- _Assignment_
From the first line of the listing, copy each line exactly until you have included the line with "6重ガーゼ ベビー スリーパー"; leave out the pictures.

- _Material to process_
━━━━

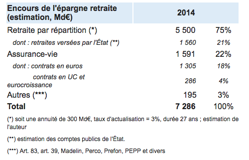 Dans la plupart des pays, ce second socle de retraite est construit sur l’instrument des fonds de pension. En France, non seulement le socle capitalisation n’est pas assez important, mais en plus les fonds de pension n’existent que très peu (sous forme de Perco, art. 83, art 39, Madelin…). Le tableau qui suit donne une ventilation des systèmes de retraite en France en 2014, ceci en estimant, un peu héroïquement, ce que représente l’« encours » des retraites par répartition. On y voit l’importance de l’assurance-vie et la faiblesse des fonds de pension :
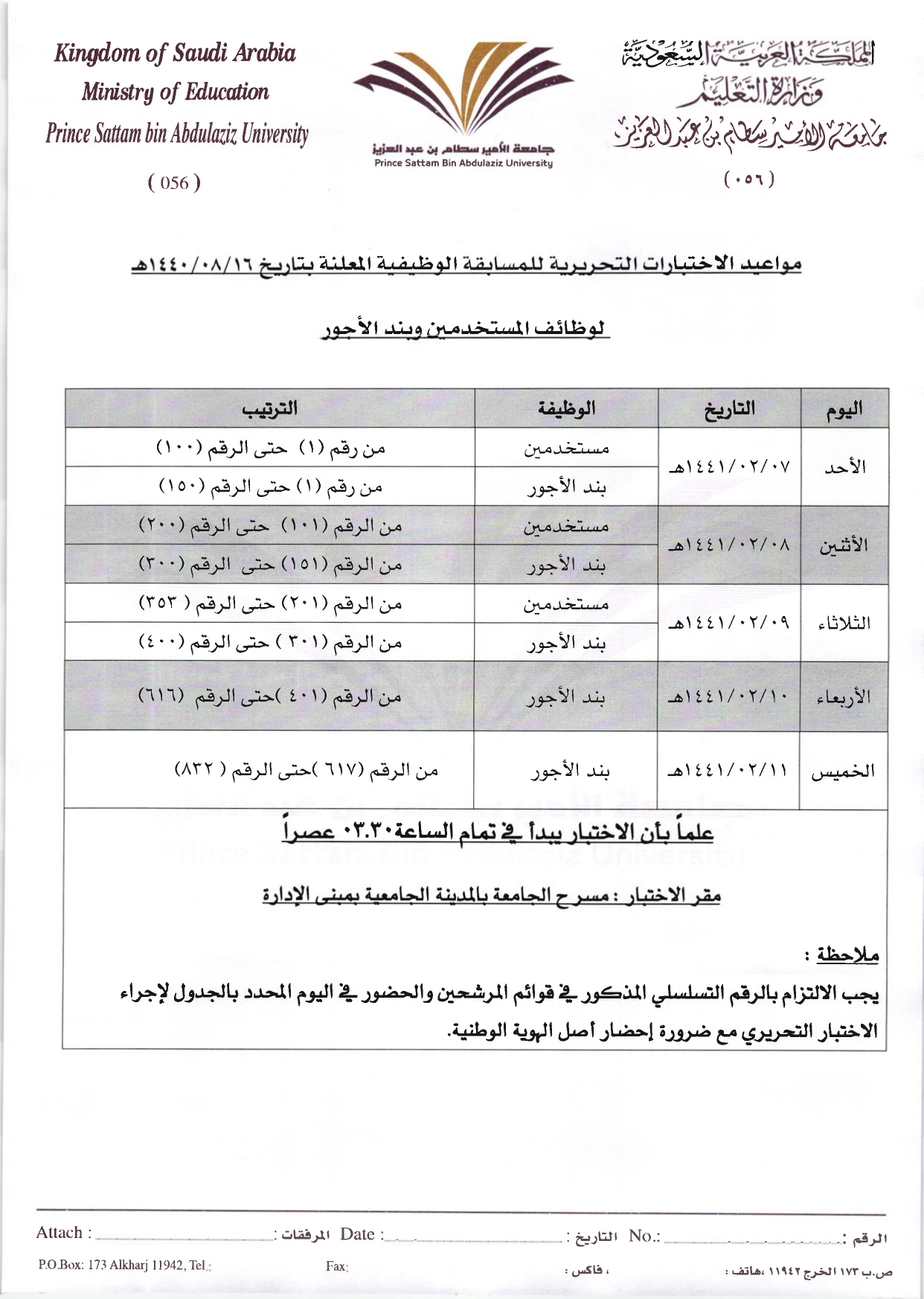 تعلن عمادة الموارد البشرية بجامعة الأمير سطام بن عبدالعزيز عن مواعيد الاختبار التحريري للمرشحين في المسابقة الوظيفية المعلنة بتاريخ 16/8/1440هـ (بند الأجور والمستخدمين) حسب الجدول الموضح أدناه، وبإمكان المتقدمين الدخول على موقع التوظيف الإلكتروني بموقع الجامعة لمعرفة حالة الترشيح.
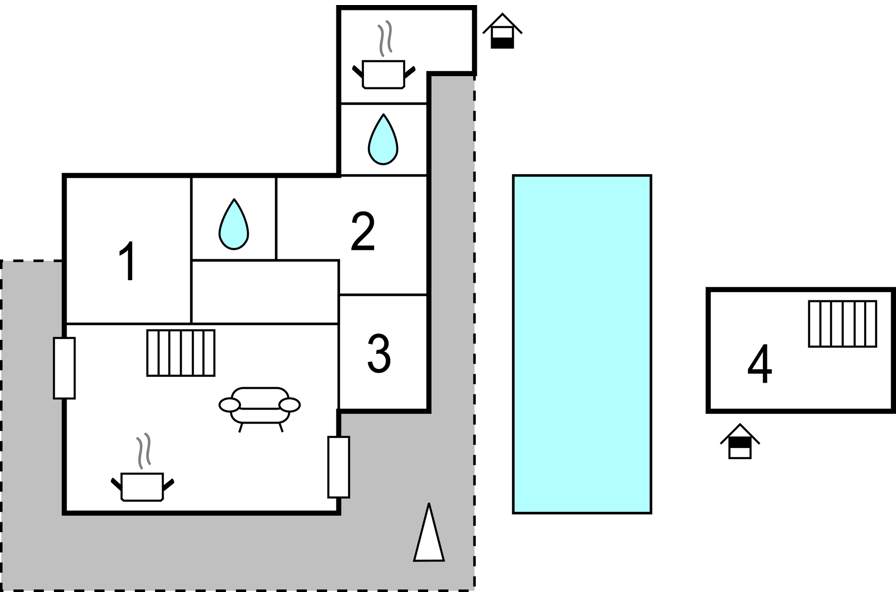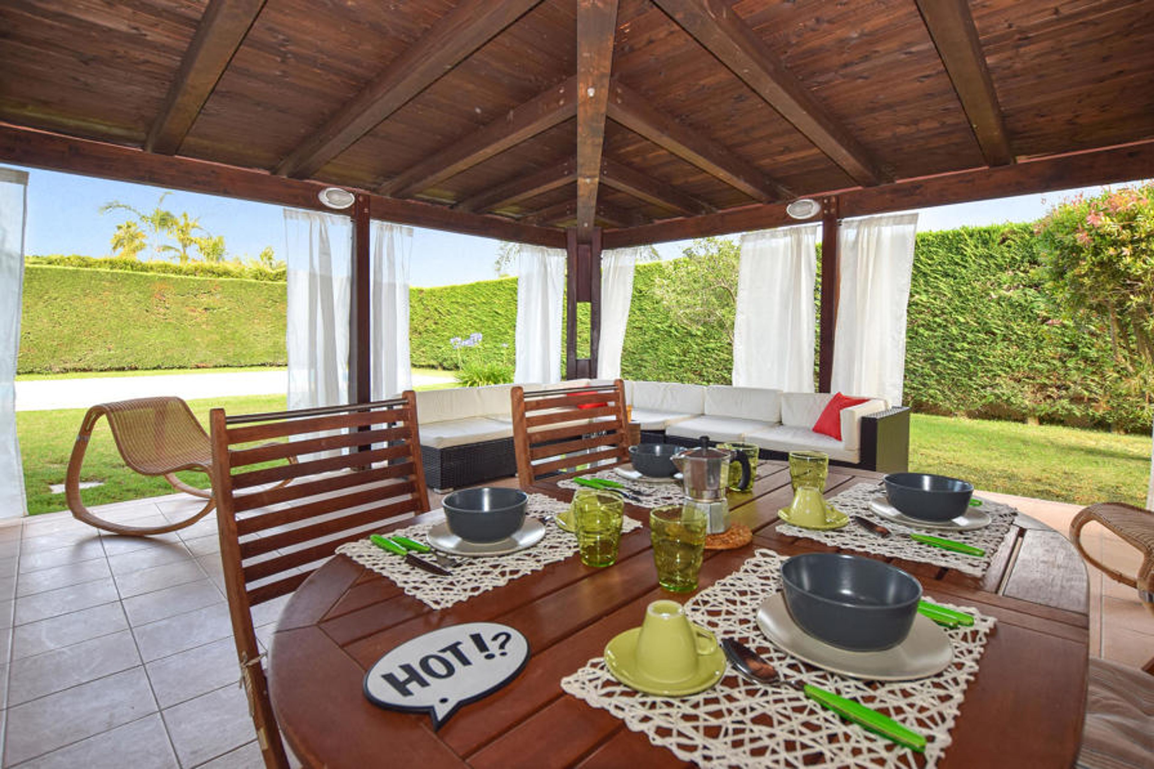 Outside there is a huge covered porch of about 150 m² equipped with tables, chairs, sofas and a kitchenette with barbecue. The pool is surrounded by lawn and high hedges for more privacy. The garden is equipped with various games for the little ones (slide, swing and playhouse).
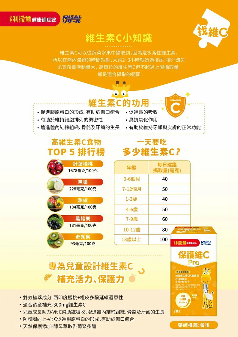✅ 兒童成長助力:VitC幫助鐵吸收、增進體內結締組織、骨骼及牙齒的生長。
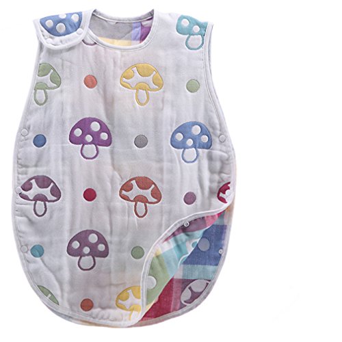 6重ガーゼ ベビー スリーパー 寝袋 オーガニックコットン オールシーズン パジャマキッズ(適応身長70cm-120cm) キノコ
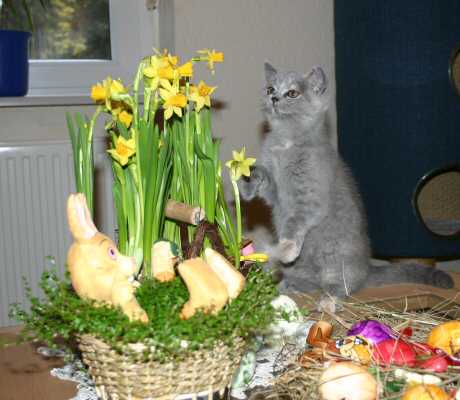 Unser O-Wurf ist am 08.01.2004 geboren. Es ist Kimberlys erster Wurf. Sie hat ihre Babys ohne Komplikationen geboren. Ein propperes blaucreme Mädchen und ein dicker blauer Kater. Da sie in der Trächtigkeit nicht besonders dick gewesen ist, war es für uns nicht verwunderlich, das sie nur zwei Kitten bekommen hat. Aber was für Kitten. Auf ihre Entwicklung darf man gespannt sein. Sie ist eine fürsorglich Mutter und die Beiden sind inzwischen schon richtig kugelrund! Jetzt endecken OWEN und OXANA ihre Umwelt. Und bald hält sie nichts mehr in ihre Wurfkiste.

━━━━

- _Answer section_
 Dans la plupart des pays, ce second socle de retraite est construit sur l’instrument des fonds de pension. En France, non seulement le socle capitalisation n’est pas assez important, mais en plus les fonds de pension n’existent que très peu (sous forme de Perco, art. 83, art 39, Madelin…). Le tableau qui suit donne une ventilation des systèmes de retraite en France en 2014, ceci en estimant, un peu héroïquement, ce que représente l’« encours » des retraites par répartition. On y voit l’importance de l’assurance-vie et la faiblesse des fonds de pension :
 تعلن عمادة الموارد البشرية بجامعة الأمير سطام بن عبدالعزيز عن مواعيد الاختبار التحريري للمرشحين في المسابقة الوظيفية المعلنة بتاريخ 16/8/1440هـ (بند الأجور والمستخدمين) حسب الجدول الموضح أدناه، وبإمكان المتقدمين الدخول على موقع التوظيف الإلكتروني بموقع الجامعة لمعرفة حالة الترشيح.
 Outside there is a huge covered porch of about 150 m² equipped with tables, chairs, sofas and a kitchenette with barbecue. The pool is surrounded by lawn and high hedges for more privacy. The garden is equipped with various games for the little ones (slide, swing and playhouse).
✅ 兒童成長助力:VitC幫助鐵吸收、增進體內結締組織、骨骼及牙齒的生長。
 6重ガーゼ ベビー スリーパー 寝袋 オーガニックコットン オールシーズン パジャマキッズ(適応身長70cm-120cm) キノコ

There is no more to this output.